After locating the line that contains "Kız çocuk için" in the material below, copy that line and each one following it, exactly, up to the last line. Pictures stay out.

Top of GIVEN DATA

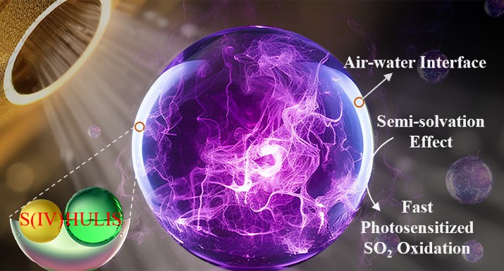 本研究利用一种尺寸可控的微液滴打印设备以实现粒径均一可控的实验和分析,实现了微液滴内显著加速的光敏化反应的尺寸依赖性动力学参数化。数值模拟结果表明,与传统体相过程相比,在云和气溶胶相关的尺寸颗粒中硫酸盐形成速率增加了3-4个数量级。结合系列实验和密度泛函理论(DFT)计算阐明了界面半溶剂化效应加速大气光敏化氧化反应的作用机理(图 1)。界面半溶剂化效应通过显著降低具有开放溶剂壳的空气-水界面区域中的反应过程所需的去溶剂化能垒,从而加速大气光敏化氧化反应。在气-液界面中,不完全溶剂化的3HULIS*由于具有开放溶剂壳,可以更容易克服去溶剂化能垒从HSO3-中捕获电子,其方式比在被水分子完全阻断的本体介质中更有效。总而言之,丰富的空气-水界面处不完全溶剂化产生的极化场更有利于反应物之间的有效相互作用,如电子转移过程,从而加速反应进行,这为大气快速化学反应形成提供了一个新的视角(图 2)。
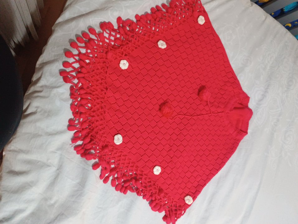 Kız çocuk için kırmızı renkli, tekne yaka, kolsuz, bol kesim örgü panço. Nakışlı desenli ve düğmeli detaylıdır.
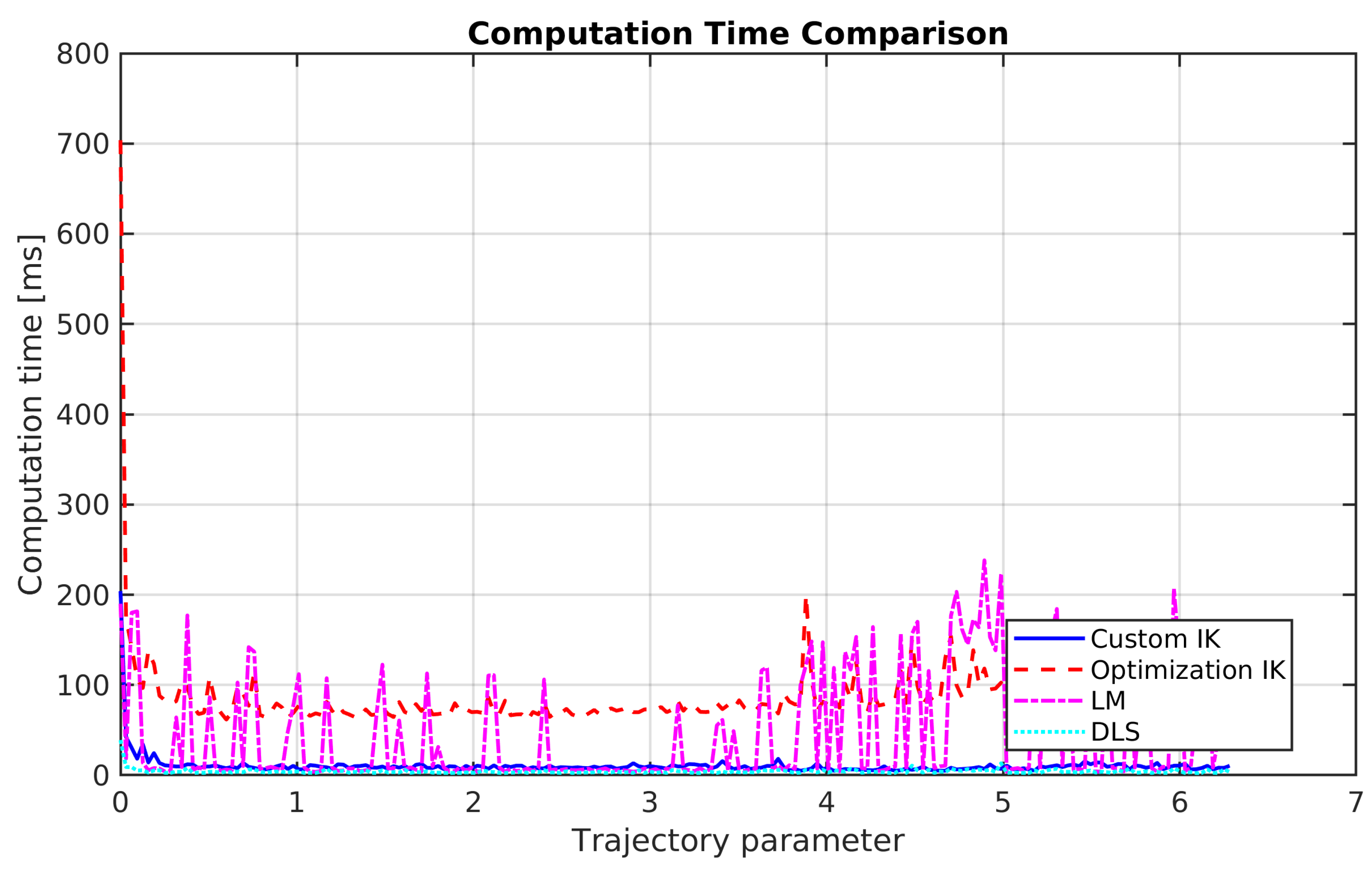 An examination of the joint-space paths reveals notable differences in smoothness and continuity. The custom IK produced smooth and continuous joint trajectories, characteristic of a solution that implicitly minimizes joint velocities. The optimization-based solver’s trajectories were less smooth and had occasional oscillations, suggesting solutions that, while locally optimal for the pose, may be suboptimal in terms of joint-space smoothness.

Bottom of GIVEN DATA

> TASK RESULT
 Kız çocuk için kırmızı renkli, tekne yaka, kolsuz, bol kesim örgü panço. Nakışlı desenli ve düğmeli detaylıdır.
 An examination of the joint-space paths reveals notable differences in smoothness and continuity. The custom IK produced smooth and continuous joint trajectories, characteristic of a solution that implicitly minimizes joint velocities. The optimization-based solver’s trajectories were less smooth and had occasional oscillations, suggesting solutions that, while locally optimal for the pose, may be suboptimal in terms of joint-space smoothness.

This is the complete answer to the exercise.